Gary's heart only works at about 30% of what it should, so he is quite limited in what he can do. He had to take early retirement (at age 56) and he has to rest lots and lots. But I was very encouraged by the doctor's words yesterday. This is all to say that since your hubby's heart is much stronger - he should come though this so easy and he will feel so much better after the ablation is completed. We weren't meant to have a heart rate of 120-130 and it really makes you feel crummy. Also, staying in the hospital is really crummy too!!! I hope he gets out soon - yet, with this fast heart rate, it is MUCH better for him to be in the hospital with immediate care should something go amiss.

I also hope your hubby doesn't have to have a pacemaker - fingers/toes/legs crossed that he doesn't have to - but if he does, it is such a non-issue these days. Really the only issue is having the battery replaced every five years, and not being able to go through metal detectors. I'm very comforted that my husband has a pacemaker because I know that his heart rate can't get too low. His also has a defibrillator and sudden cardiac death is a major complication of heart failure (my husband's diagnosis), so I know if that happens, his defibrillator will fire and he will have a better chance of survival.

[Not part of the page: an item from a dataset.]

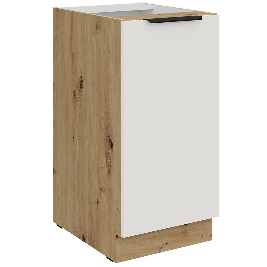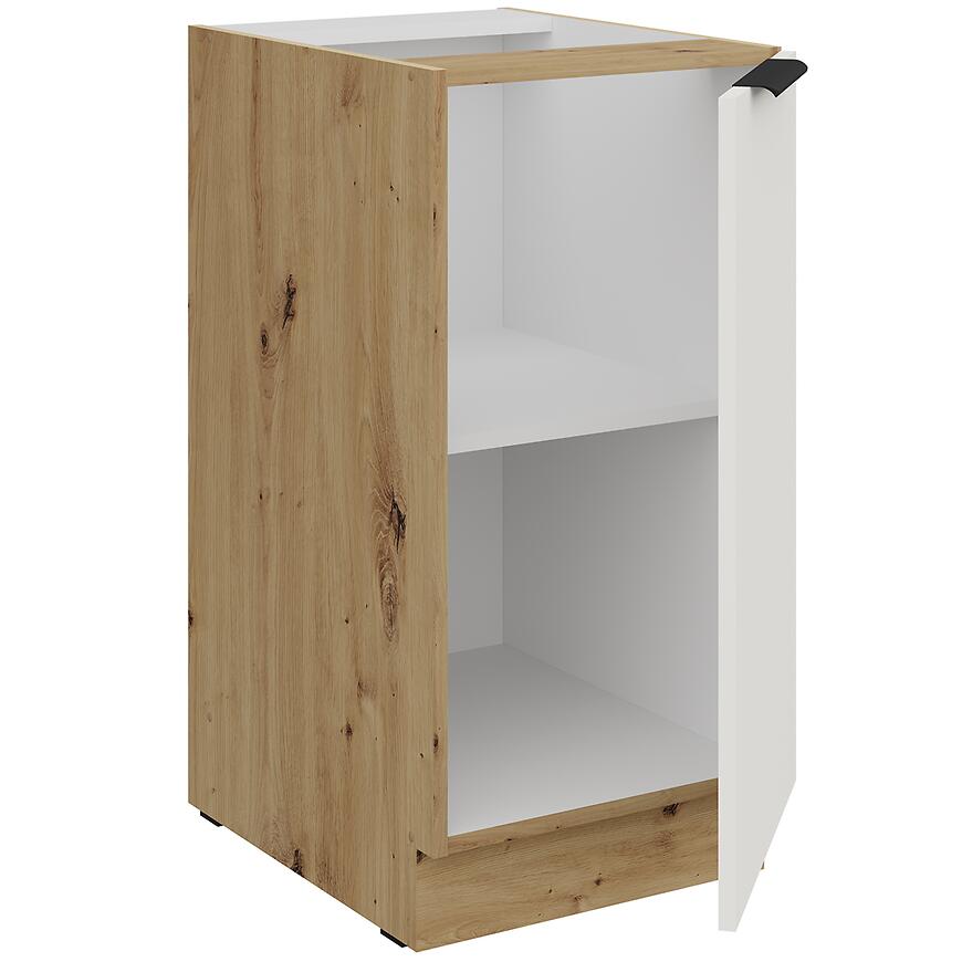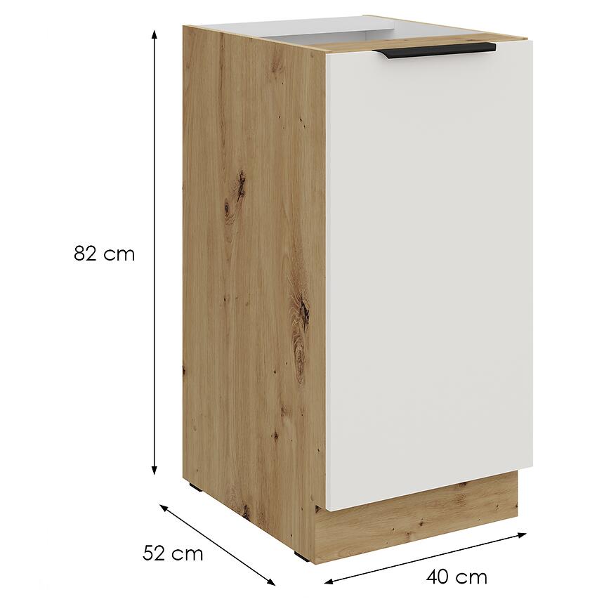 Szafka kuchenna Aria-Wh/Ar Anti Fingerprint 40d 1f Bb to funkcjonalna szafka dolna o wymiarach 82 × 40 × 52 cm, która łączy nowoczesny design z wygodą użytkowania. Fronty w kolorze crystal white wykonano z laminowanej płyty wiórowej z matowym wykończeniem, co zapewnia odporność na odciski palców i łatwość utrzymania w czystości.

All this information is to say that modern technology is wonderful. These electrophysiology heart studies began in the early 1970's, when I first became a nurse. I remember our patients going down for these studies. We knew they had to stop patient's hearts and then start them back up, make their hearts go fast and then slow, make hearts beat irregularly, in order to figure out what to do and how to do it. This was hard for us nurses because we knew it was dangerous for the patients. But it had to be done in order to develop the fabulous technology that we have today. And of course, it was only done on the sickest patients for whom all other options had been exhausted. But that is why I don't get upset when they stop my husband's heart once a year, to test whether or not his defibrillator will fire properly. I feel very comforted to have been a part of the very early studies to develop the technology that is now helping my husband - and soon, yours too.

I am extremely confident that it will be very successful with your husband's problem!